— Instructions to follow —
From the data that follows, set down exactly the lines from the one with "Trong một tweet" through the one with "就医服务版块中,包含了预约挂", counting both. Pictures stay out.

— Supplied data —
○ ○ ○ ○ ○

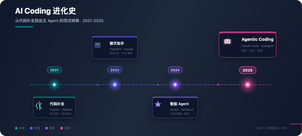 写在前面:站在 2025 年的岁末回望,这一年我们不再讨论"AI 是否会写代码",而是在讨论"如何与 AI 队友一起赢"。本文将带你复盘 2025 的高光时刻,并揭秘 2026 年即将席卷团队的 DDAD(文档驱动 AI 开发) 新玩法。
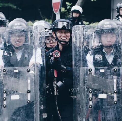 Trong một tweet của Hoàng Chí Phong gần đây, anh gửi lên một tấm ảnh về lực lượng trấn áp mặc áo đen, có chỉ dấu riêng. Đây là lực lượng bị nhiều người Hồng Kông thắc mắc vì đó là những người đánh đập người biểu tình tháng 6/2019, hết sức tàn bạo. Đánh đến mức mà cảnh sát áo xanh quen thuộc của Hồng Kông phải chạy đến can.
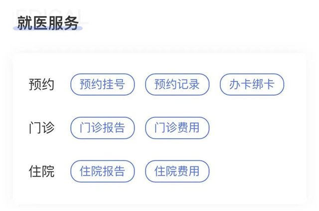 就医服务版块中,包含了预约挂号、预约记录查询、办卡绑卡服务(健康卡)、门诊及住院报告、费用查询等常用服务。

○ ○ ○ ○ ○

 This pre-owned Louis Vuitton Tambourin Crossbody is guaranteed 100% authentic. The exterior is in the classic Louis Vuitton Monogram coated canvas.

○ ○ ○ ○ ○

— Answer space —
 Trong một tweet của Hoàng Chí Phong gần đây, anh gửi lên một tấm ảnh về lực lượng trấn áp mặc áo đen, có chỉ dấu riêng. Đây là lực lượng bị nhiều người Hồng Kông thắc mắc vì đó là những người đánh đập người biểu tình tháng 6/2019, hết sức tàn bạo. Đánh đến mức mà cảnh sát áo xanh quen thuộc của Hồng Kông phải chạy đến can.
 就医服务版块中,包含了预约挂号、预约记录查询、办卡绑卡服务(健康卡)、门诊及住院报告、费用查询等常用服务。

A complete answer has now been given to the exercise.